_GOAL OF THE EXERCISE_
Below are records; the lines starting at the one with "Un golazo del" and ending at the one with "Свеклу остудите, очистите" must be reproduced exactly, both included. Pictures must not appear.

━━ EXTRACTED MATERIAL

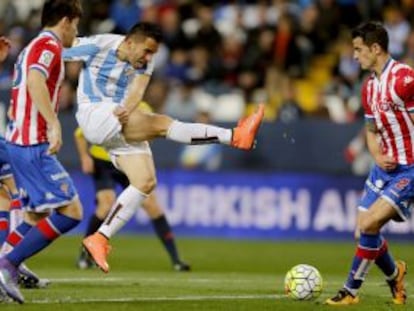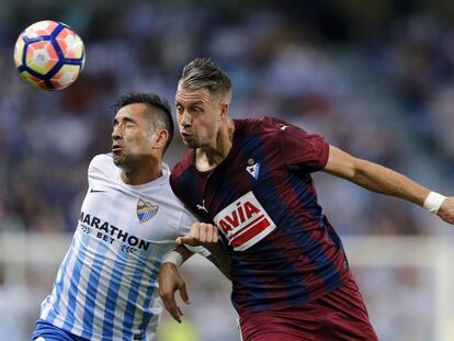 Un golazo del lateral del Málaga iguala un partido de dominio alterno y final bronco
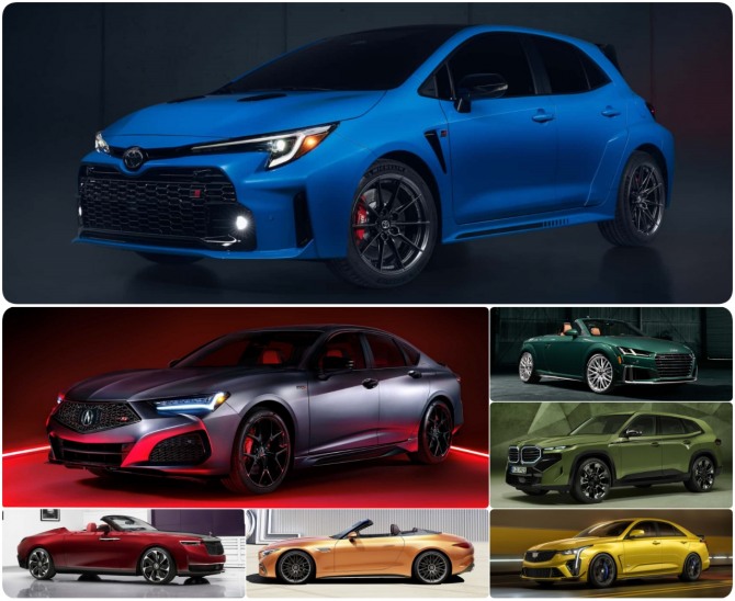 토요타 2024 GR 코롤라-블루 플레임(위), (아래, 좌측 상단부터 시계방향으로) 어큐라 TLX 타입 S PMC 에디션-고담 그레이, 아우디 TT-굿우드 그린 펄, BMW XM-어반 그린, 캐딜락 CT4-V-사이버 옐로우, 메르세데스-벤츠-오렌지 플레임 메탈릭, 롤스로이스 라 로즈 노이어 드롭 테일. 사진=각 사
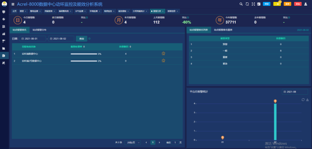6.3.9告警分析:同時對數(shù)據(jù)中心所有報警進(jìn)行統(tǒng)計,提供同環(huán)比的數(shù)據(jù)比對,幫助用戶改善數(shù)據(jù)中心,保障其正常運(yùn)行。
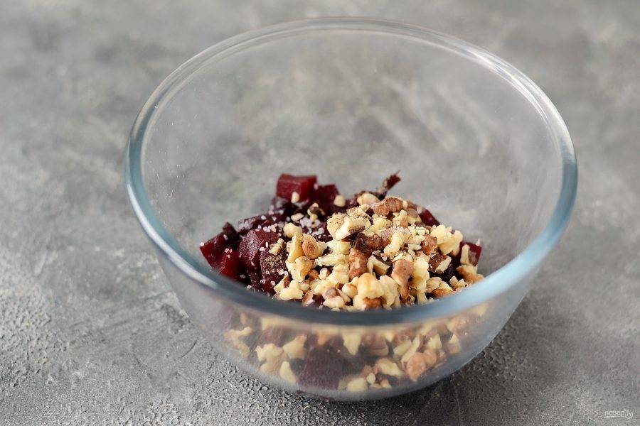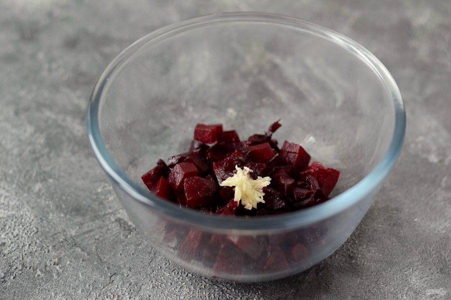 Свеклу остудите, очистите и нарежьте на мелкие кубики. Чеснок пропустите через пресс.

━━━━
━━ EXTRACTED MATERIAL

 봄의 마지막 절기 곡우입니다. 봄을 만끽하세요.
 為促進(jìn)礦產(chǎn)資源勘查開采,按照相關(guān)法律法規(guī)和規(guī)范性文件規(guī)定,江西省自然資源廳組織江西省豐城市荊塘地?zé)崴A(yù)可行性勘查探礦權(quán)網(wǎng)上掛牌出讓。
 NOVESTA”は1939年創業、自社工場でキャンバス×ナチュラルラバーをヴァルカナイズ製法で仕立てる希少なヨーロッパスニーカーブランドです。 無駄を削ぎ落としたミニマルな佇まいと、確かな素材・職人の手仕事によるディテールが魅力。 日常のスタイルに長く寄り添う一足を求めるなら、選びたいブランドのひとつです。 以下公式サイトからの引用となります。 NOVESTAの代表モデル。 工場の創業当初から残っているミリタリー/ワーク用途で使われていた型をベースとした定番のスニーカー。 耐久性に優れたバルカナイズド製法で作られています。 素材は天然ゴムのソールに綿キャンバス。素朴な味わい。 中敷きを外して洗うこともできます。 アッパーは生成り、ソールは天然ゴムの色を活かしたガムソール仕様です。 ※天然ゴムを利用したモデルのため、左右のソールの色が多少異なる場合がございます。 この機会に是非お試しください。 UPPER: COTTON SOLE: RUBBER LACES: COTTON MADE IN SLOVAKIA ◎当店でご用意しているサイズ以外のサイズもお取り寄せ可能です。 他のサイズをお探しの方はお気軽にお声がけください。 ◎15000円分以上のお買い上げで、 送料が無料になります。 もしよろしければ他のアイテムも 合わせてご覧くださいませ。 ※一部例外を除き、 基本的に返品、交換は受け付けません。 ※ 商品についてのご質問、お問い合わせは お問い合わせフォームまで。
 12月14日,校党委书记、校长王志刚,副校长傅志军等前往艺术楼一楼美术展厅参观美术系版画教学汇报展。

━━━━

_RESULT OF THE EXERCISE_
 Un golazo del lateral del Málaga iguala un partido de dominio alterno y final bronco
 토요타 2024 GR 코롤라-블루 플레임(위), (아래, 좌측 상단부터 시계방향으로) 어큐라 TLX 타입 S PMC 에디션-고담 그레이, 아우디 TT-굿우드 그린 펄, BMW XM-어반 그린, 캐딜락 CT4-V-사이버 옐로우, 메르세데스-벤츠-오렌지 플레임 메탈릭, 롤스로이스 라 로즈 노이어 드롭 테일. 사진=각 사
6.3.9告警分析:同時對數(shù)據(jù)中心所有報警進(jìn)行統(tǒng)計,提供同環(huán)比的數(shù)據(jù)比對,幫助用戶改善數(shù)據(jù)中心,保障其正常運(yùn)行。
 Свеклу остудите, очистите и нарежьте на мелкие кубики. Чеснок пропустите через пресс.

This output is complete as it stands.